私は計算生物学者であり、いくつかの時系列の確率過程間の自動/相互相関を計算しなければならなかったとき、np.correlate
が必要な仕事をしていないことに気付きました。
確かに、np.correlate
から欠落していると思われるのは、可能なすべての時点の平均値です距離????。
必要なことを実行する関数を定義する方法は次のとおりです。
def autocross(x, y):
c = np.correlate(x, y, "same")
v = [c[i]/( len(x)-abs( i - (len(x)/2) ) ) for i in range(len(c))]
return v
私には、これまでの回答のいずれも、この自己相関/相互相関のインスタンスをカバーしていないようです。
OPの質問に対する本当の答えは、Numpy.correlateドキュメントからのこの抜粋に簡潔に含まれていると思います。
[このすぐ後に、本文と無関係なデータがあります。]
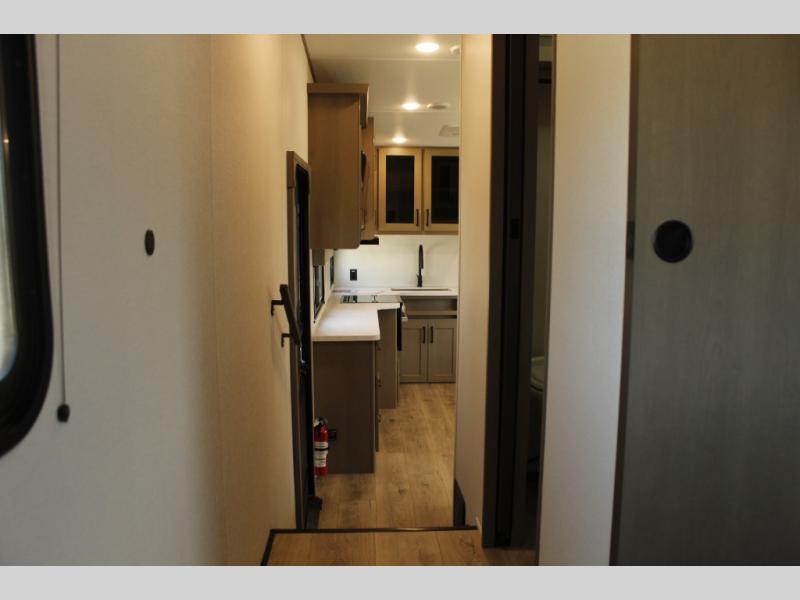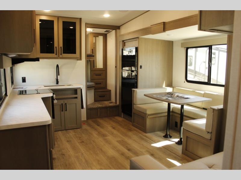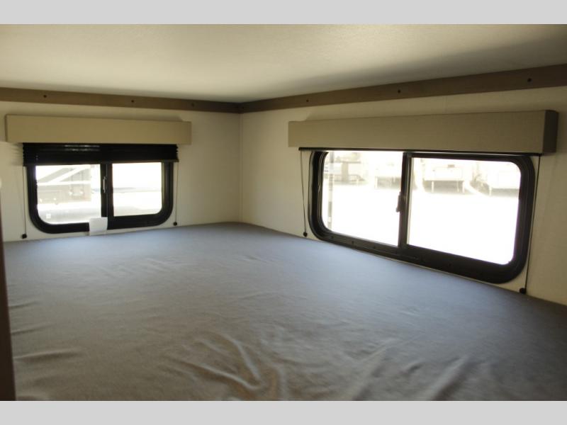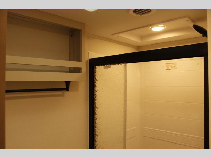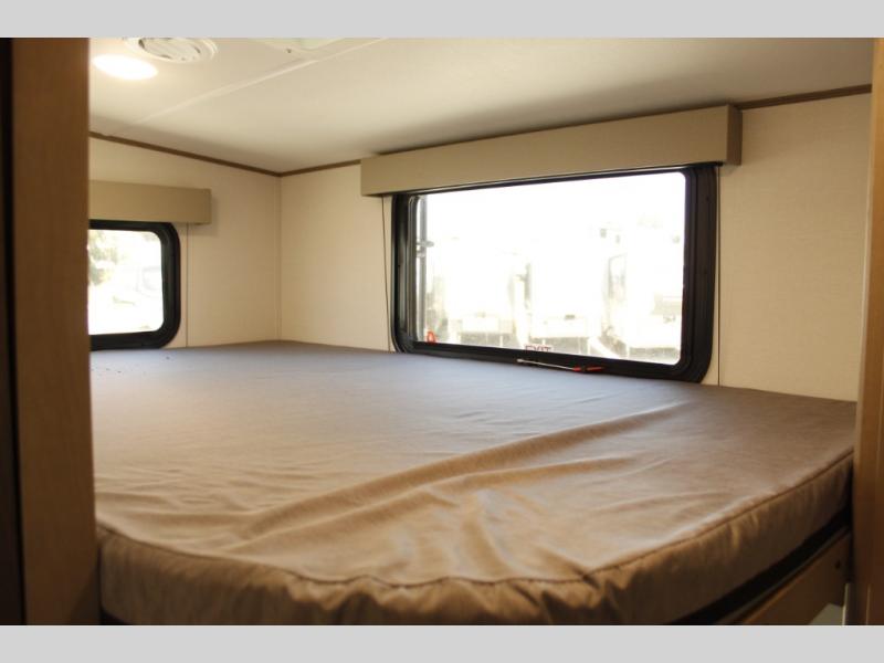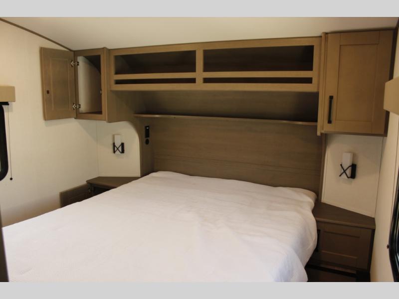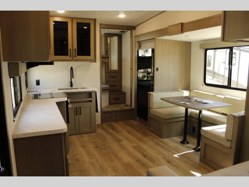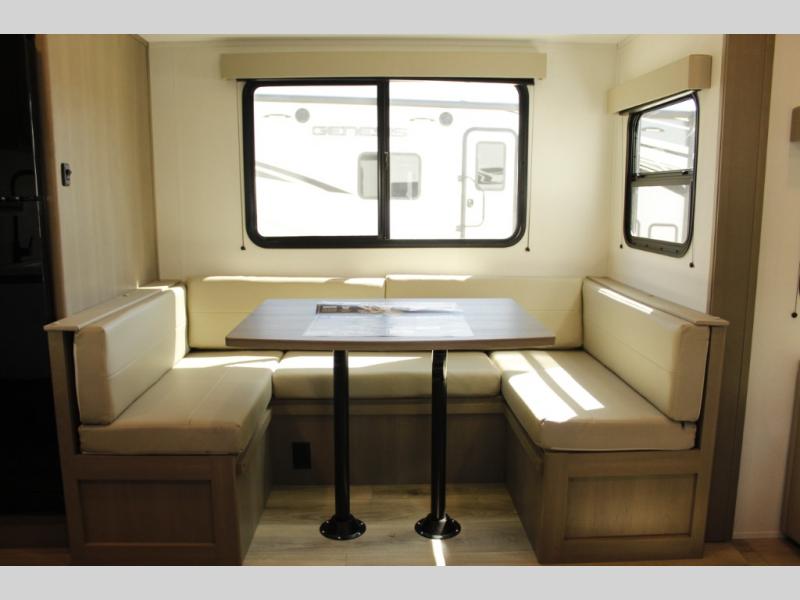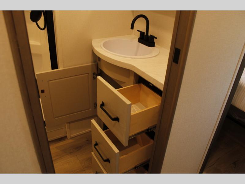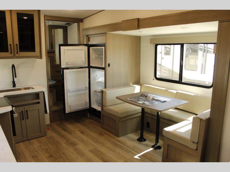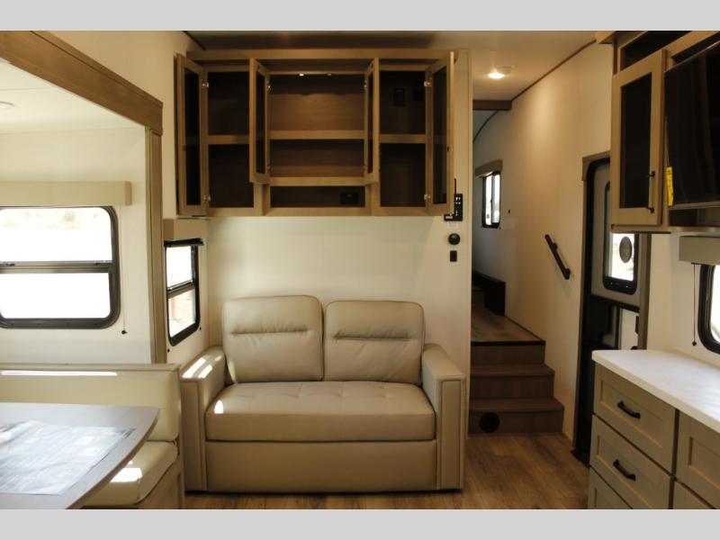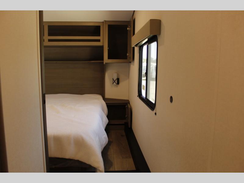 Camping with friends and family just got a whole lot easier in this fifth wheel with double-size bunks and a front private bedroom. Your guests will also have a wardrobe to keep their things tidy, and the bedroom closet will be perfect for your things. If you have other guests stay over, they can sleep on the U-shaped dinette within the slide out or the tri-fold sofa, and there is a 40" high-definition LED TV here to keep everyone entertained on rainy days. Everyone can take turns cleaning up in the full bath that includes a residential walk-in shower, a power vent fan, plus a large vanity top with a deep sink. And you will feel right at home in the front private bedroom with its queen bed, overhead cabinets, and TV prep if you'd like to add a television!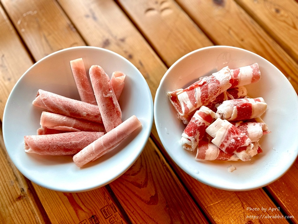 肉品可以選擇豬肉、牛肉、海鮮任選,還能加購,火鍋附餐的部分都是附贈一碗白飯,也可以更換成冬粉或王子麵。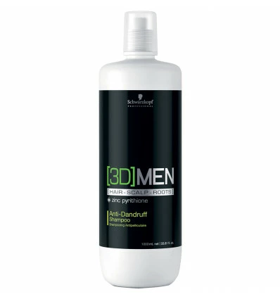 Shampooing Antipelliculaire 3DMen Schwarzkopf 1000ml : shampooing antipelliculaire pour homme composé de zinc pyrithione.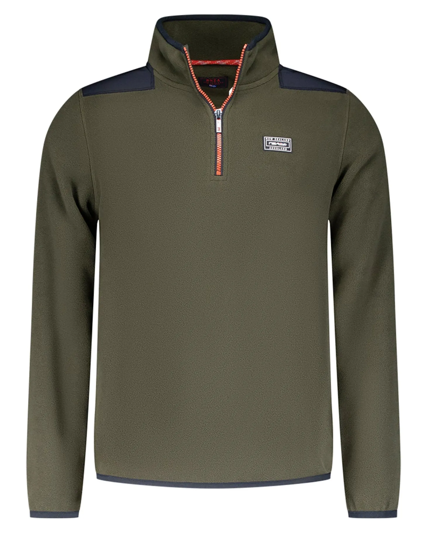 Dunkelgrünes Fleecehemd mit halbem Reißverschluss – Gravel Green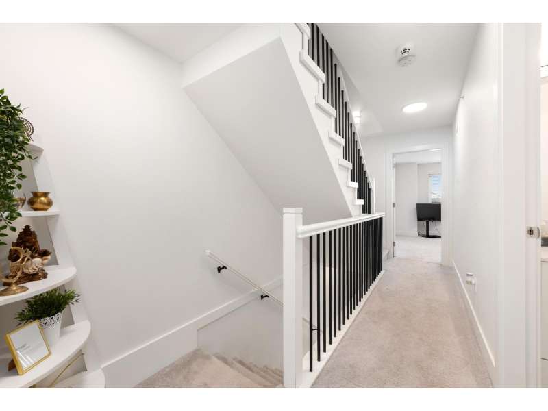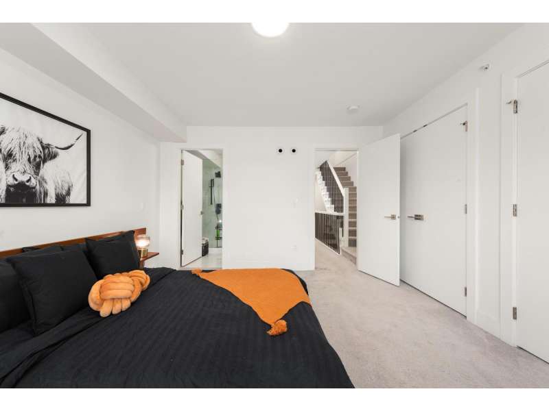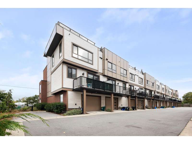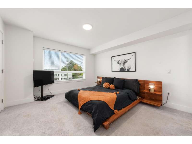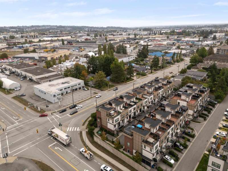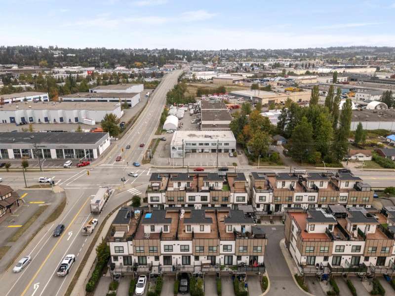 Welcome to Winston Terraces - a boutique collection of 26 thoughtfully crafted homes in the heart of Langley. This modern 2-bed, 3-bath townhome blends contemporary design with everyday comfort. The main floor features an open-concept layout with high ceilings, rich laminate flooring, & a stylish kitchen complete with quartz countertops, stainless steel appliances, & an oversized island perfect for entertaining. You'll also love the added comfort of air conditioning during the warmer months. Upstairs, enjoy two spacious bedrooms, including a bright primary suite with its own ensuite bath. Head up to your massive rooftop patio for morning coffees, sunset dinners, or weekend BBQs - an entertainer's dream! Ideally located just minutes from downtown Langley, shops, dining, parks, & Fraser Hwy, this home truly delivers the best of urban convenience & modern living. (id:58403)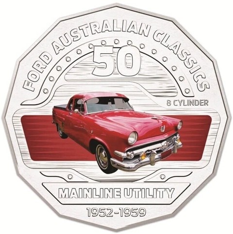 The reverse depicts an Australian-built Red Ford Mainline Utility within a medallion type set against a red background, the numeral the face value 50 above and car model below in a ribbon surrounded by text series (FORD AUSTRALIAN CLASSICS) above and dates year of beginning and finishing below.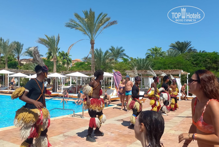 Пляж очень даже неплохой, поделен на 2 зоны, одна из которых релакс зона под пальмами, там больше тени и тишины, но и людей там почти нет. Лежаков с зонтиками очень много, находили в любое время. Заход в море в основном с пирса сразу на глубину, течение есть, но терпимо. С утра и до обеда всегда красный флаг. Это время мы проводили у бассейна. Море чистое, невероятно красивого цвета, вернее разного цвета, от голубого до темно-синего. Кораллы довольно приличные, рыб много, видела маленьких мурен, разных расцветок и размеров скатов, рыбу-камень, рыбу-зебру, а также любимых попугаев и наполеонов. Остальные рыбки: хирурги, бабочки, рыбы-игла, рыба-собака, как и везде на побережье Шарм-Эш-Шейха. Также, когда прилив, можно побарахтаться в море с берега, но лучше в кораллках, дабы не наступить на кого-то или что-то острое. На берегу всегда есть пластиковые лежаки, на которых можно плавать и загорать в море. Также несколько штук всегда есть в главном бассейне. Около пляжа есть бар с различными напитками и снеками, душ, туалет. Пункт выдачи полотенец находится по пути на пляж. Полотенца всегда были в наличии.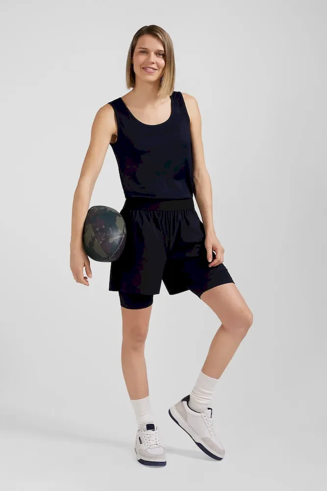 Ce short de sport marine est une pièce incontournable du vestiaire athlétique féminin. Idéal pour une multitude d’activités sportives ou pour un look décontracté, ce short femme intègre une sérigraphie distinctive en bas de jambe, ajoutant une touche d’originalité et de style. Léger et respirant, ce short de sport bleu marine est parfait pour les entraînements intenses ou les journées ensoleillées, offrant à la fois fonctionnalité et élégance. Portez-le avec son débardeur assorti ou avec le T-shirt de sport aux manches rayées issu de la même collection capsule exclusivement proposée sur notre site.

mode : {'valid', 'same', 'full'}, optional
Refer to the `convolve` docstring. Note that the default
is `valid`, unlike `convolve`, which uses `full`.
これは、「モード」定義なしで使用すると、Numpy.correlate関数は、2つの入力引数に同じベクトルが与えられると(つまり、自己相関の実行に使用されると)スカラーを返すことを意味します。